§ **EXERCISE DESCRIPTION**
Only the lines from the opening of the material through the line bearing "The volume of" should be reproduced, exactly and without pictures.
══ DATA BELOW ══
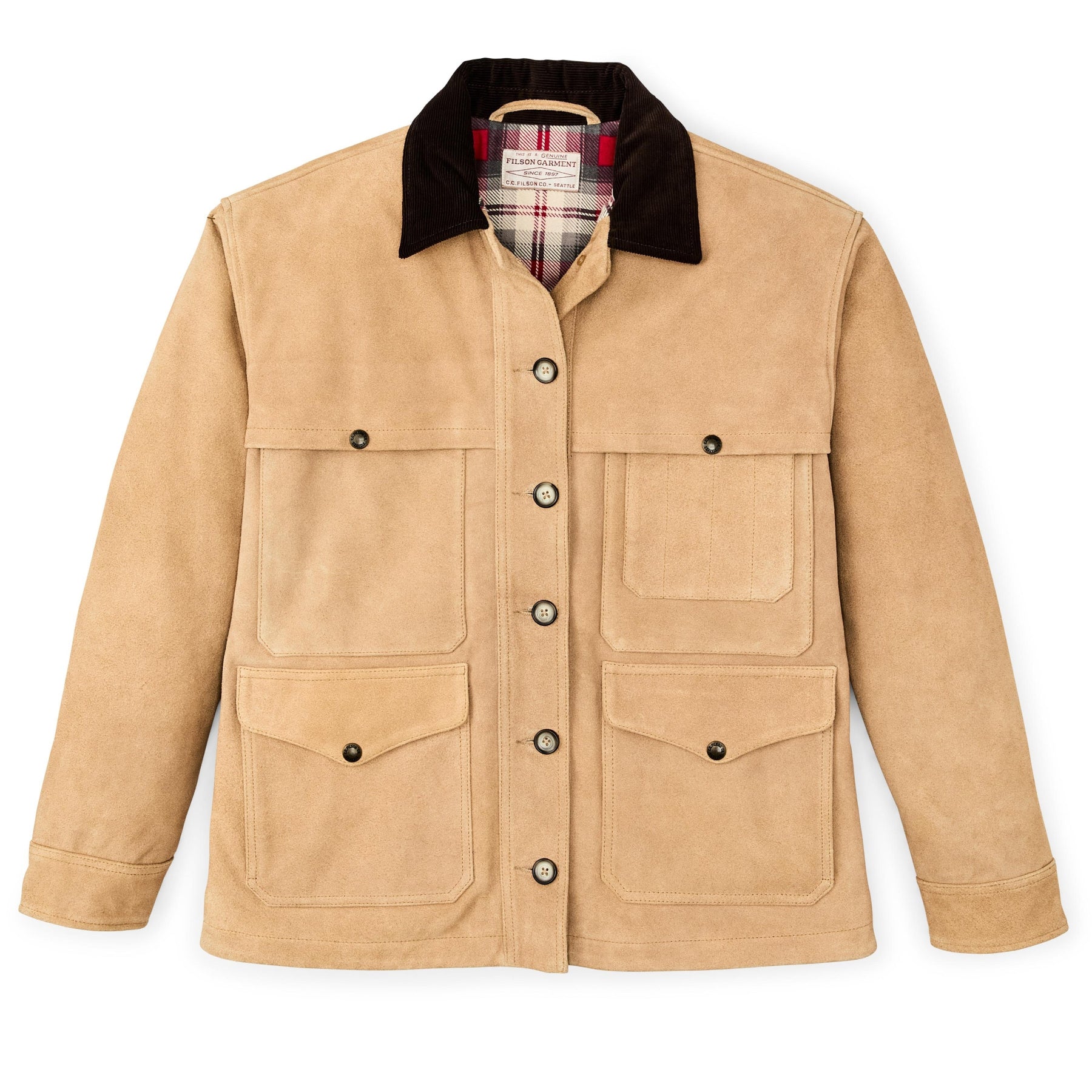 Inside, brushed-cotton flannel lines the body comfort through the seasons. Four snap-flap front pockets keep essentials close at hand, and classic button closures finish the front and cuffs.
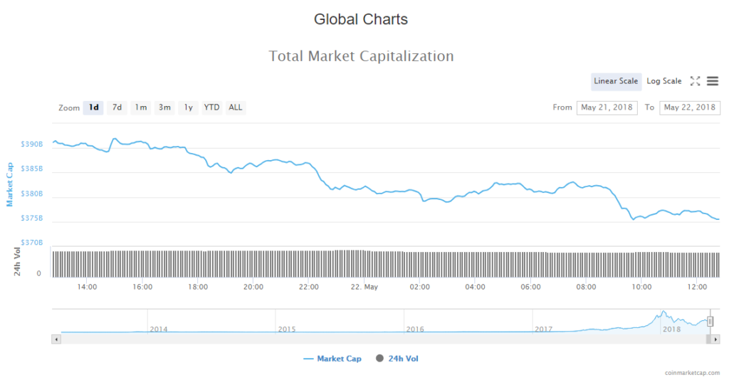 The volume of trading in cryptocurrencies has gone down to $16.09 billion, while the market capitalization of the industry is now $376.06 billion.
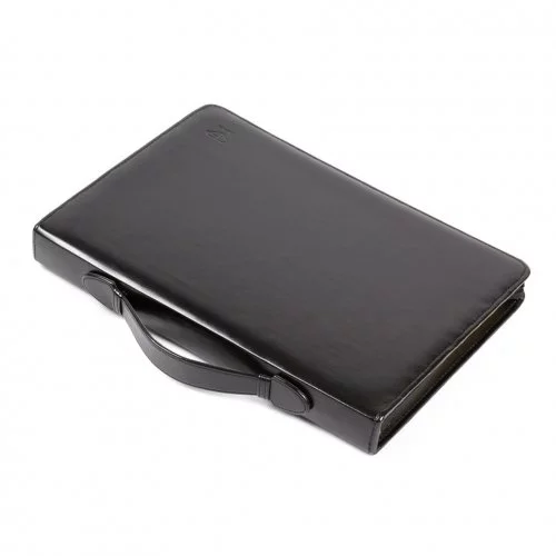 Bardzo poręczna i jednocześnie pojemna aktówka biznesowa. Posiada bogaty zestaw kieszeni i uchwytów przystosowanych do przechowywania najpotrzebniejszych dokumentów. Po otwarciu, po lewej stronie znajdziemy obszerną kieszeń przeznaczona na dokumenty formatu A4. Na niej naszyta została płaska kieszeń zamykana na zamek błyskawiczny dla dokumentów nieco mniejszego formatu. W dalszej kolejności mamy kieszeń do przechowywania pieczątki firmowej, uchwyty na trzy długopisy lub pisaki oraz aż cztery kieszonki na wizytówki. Kieszonki zostały wyprofilowane w taki sposób aby dostęp do wizytówek był maksymalnie wygodny. Wewnętrzna część grzbietu produktu wyposażona została w poczwórny ring do wpinania dokumentów. Po prawej stronie umieszczono metalowy klip na najważniejsze notatki lub notes.
═══
§ **RESULT**
 Inside, brushed-cotton flannel lines the body comfort through the seasons. Four snap-flap front pockets keep essentials close at hand, and classic button closures finish the front and cuffs.
 The volume of trading in cryptocurrencies has gone down to $16.09 billion, while the market capitalization of the industry is now $376.06 billion.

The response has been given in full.